Equivicina o equidistante? La gauche italiana e la Francia
Voto per "turarsi il naso", "antifascismo" o scheda bianca. Parlano Nicola Fratoianni, Stefano Fassina e Pippo Civati
Roma. Il secondo turno delle presidenziali francesi è dietro la porta. La sinistra-sinistra francese non è direttamente in campo (anche se Benoît Hamon e Jean-Luc Mélenchon si stanno muovendo con un occhio alle vicine elezioni legislative). Ma che cosa farebbe la gauche italiana a sinistra del Pd, fosse in Francia?
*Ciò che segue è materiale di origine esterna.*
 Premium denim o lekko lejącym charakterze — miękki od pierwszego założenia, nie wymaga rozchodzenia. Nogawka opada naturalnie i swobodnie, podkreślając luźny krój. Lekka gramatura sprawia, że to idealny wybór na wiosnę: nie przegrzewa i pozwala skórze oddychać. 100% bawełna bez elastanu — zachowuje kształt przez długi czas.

Nicola Fratoianni, segretario di Sinistra Italiana, fosse Oltralpe “molto a malincuore” voterebbe per Emmanuel Macron, soprattutto “per riflesso antifascista”.Ma con il retropensiero che “il successo del populismo post fascista sia figlio del populismo di Maastricht e delle èlite”. Né pensa che il voto per Macron “sia una soluzione alla xenofobia”. Guardando alle legislative, Fratoianni spera in una buona affermazione di Mélenchon, come argine “alla cosiddetta sinistra riformista”.
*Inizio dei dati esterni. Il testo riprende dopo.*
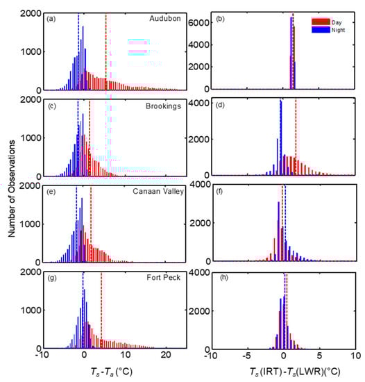 To explore further on how the relationship between LST measurements vary seasonally, the results of monthly statistics are shown in Figure 9a,c. The magnitudes of Ts (IRT) were higher than Ts (LWR) for all sites except Canaan Valley. The monthly bias showed a transition during the beginning and end of the growing season in spring (April–May) and November, respectively, at this site. The bias and RMSE obtained from the comparison of Ts (IRT) and Ts (LWR), indicated strong seasonal variation at Brookings and Fort Peck. In these sites, bias was higher during the peak growing season from June to August when the vegetation growth reached its highest of the season [,]. The bias and RMSE at the Brookings were 1.6 and 2.7 °C in August, whereas at Fort Peck it was >0.55 °C and ~1 °C in June and July, respectively. However, at Canaan Valley, the absolute difference between Ts (IRT) and Ts (LWR) was lower than 0.58 °C throughout the year with lower values of RMSE during May to September. At Audubon semiarid grassland, the bias and RMSE were consistently high throughout the year (both > 1.4 °C), with slightly higher values (>1.52 °C) during May–September. However, monthly values of STDd (not shown here) from the comparison of Ts (IRT) and Ts (LWR) were lower than <0.09 °C during the year at the Audubon site, whereas it varied from 0.5 to 2.3 °C for the other sites. However, the distribution of the difference between half-hourly daytime Ts (IRT) and Ts (LWR) in Figure 9 indicates a large difference, exceeding 5 °C during daytime in Brookings followed by Canaan Valley whereas in the other three sites it was mostly less than 2 °C.
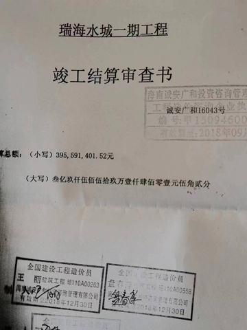 在海南琼海瑞海一期工程施工过程中,涉嫌虚报工程量。该工程以210530510元中标,最后结算价到39559140152元(有海南某某广和投资咨询管理有限公司作出的“竣工结算审查书为证”),新增将近两个亿。其中单一个外墙保温基本没施工,就虚报了四、五千万元,黄某忠涉嫌非法获取了至少1个多亿元(有黄某忠聘请的结算人员钱某某的电话录音为证)。
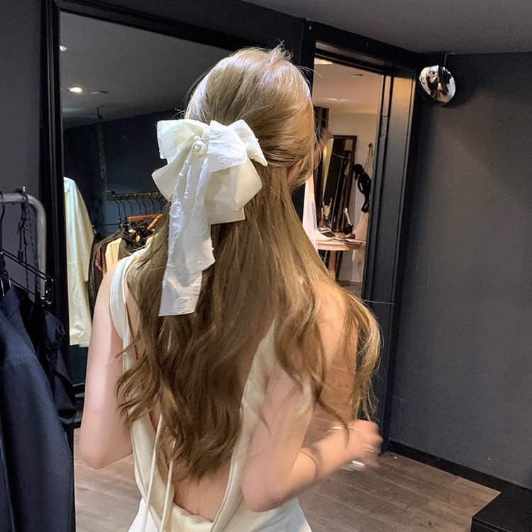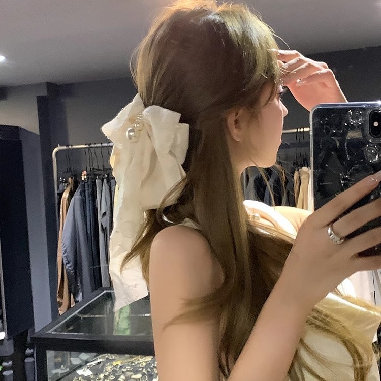 珍珠蝴蝶结发夹女高级感优雅后脑勺夹子头饰
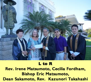 With gratitude our TIAH President Cecilia Fordham, along with 1st VP Rev. Irene Matsumoto, accepted the check from Bishop Eric Matsumoto at the Temple.
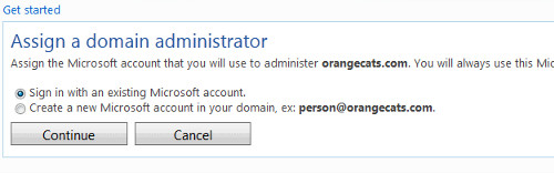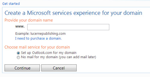 下面是让你选择是使用自己的域名还是使用微软的。我们当然是选择使用自己的域名如 yourname@yourdomain.com。另外你需要提供一个能够接收验证的邮件。
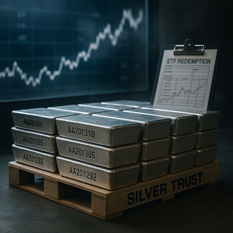 When SLV trades at a small discount to NAV in a fast rise, an AP can buy shares, redeem for metal, and sell that bullion into a tight physical market (or post it as delivery collateral), pocketing the spread. The reverse happens when SLV is at a premium—APs create new shares. These two-way flows are normal and can magnify the movement of metal between vaults and end users. (The mechanics are explicitly described in the SLV prospectus.)

Sempre in Sinistra italiana, ma di diverso avviso, c’è Stefano Fassina, deputato ed ex viceministro dell’Economia nel governo Letta che, fosse in Francia, voterebbe scheda bianca. Come ha scritto qualche giorno fa sull’Huffington post, Fassina pensa che “Mélenchon non possa votare Le Pen, ma non possa neanche sostenere Macron”. La sua analisi parte dalla scomparsa del “fronte repubblicano”: “Nel 2002 ancora sopravviveva, quando si trattò di marginalizzare, nel duello elettorale contro Jacques Chirac, il padre della attuale candidata del Fronte nazionale”. Ma “i 15 anni alle nostre spalle lo hanno spezzato… la rottura è stata determinata da una lunga, ininterrotta, serie di colpi inferti sul suo popolo da una sinistra subalterna al liberismo, piegata all’agenda degli interessi più forti, complice o finanche protagonista di un mercato unico e di una moneta unica disegnati e realizzati per svalutare il lavoro in termini funzione sociale e politica. Il Patto repubblicano è stato tradito proprio da chi oggi lo invoca per fermare la Le Pen”, scrive Fassina. E il patto si può ricostruire, dice, “soltanto attraverso radicali correzioni alla rotta del liberismo europeista scritto nei Trattati europei”. Tutti obiettivi del programma de “La France Insoumise”, dentro ai confini del mercato unico”. Prima di tutto rispetto all’applicazione “di un protezionismo solidale, con controlli ai movimenti di capitali, oggi liberi di fare shopping globale di condizioni del lavoro” e poi rispetto all’imposizione di standard sociali e ambientali agli scambi di merci e servizi e blocco dei trattati commerciali come il Ceta e il Ttip”. Nell’area euro, Fassina pensa alla “ridefinizione dello statuto della Banca centrale europea, almeno sul modello della Federal Reserve degli Stati Uniti, per includere la piena occupazione tra gli obiettivi fondamentali e prevedere l’acquisto diretto di titoli dei debiti sovrani”. Quanto alle “correzioni di rotta pro-labour”, Fassina le vede impossibili per Emmanuel Macron, anche perché in Francia si scontrano tre visioni e tre prospettive politiche in conflitto in Francia e nella Ue”. La partita, dice, “ non è globalisti contro nazionalisti. Apertura contro chiusura”. “La France Insoumise” e la “France en marche” sono alternative tra loro, oltre che alternative a “La France de la Le Pen”. Non si tratta di essere equivicini, ma ugualmente lontani.
E Pippo Civati, leader di “Possibile”, al pensiero dell’urna francese lascerebbe libertà di voto tra non voto e voto per il meno peggio. Anche se con attenzione alla “sfumatura” tra “turarsi il naso” e “fermare il fascismo”. Quindi, collocandosi “in un’ideale posizione tra Hamon e Mélenchon”, voterebbe “con tutta probabilità per Macron”. Di cui però non condivide nulla: “ Vediamo che cosa succede poi alle legislative”, dice Civati, convinto che Macron sia “sopravvalutato”, con il suo pur “utile europeismo alla Emma Bonino, più che alla Matteo Renzi. E insomma un Macron che dice di voler detassare i ricchi non mi convince. E appunto lo voterei solo per fermare il fascismo”.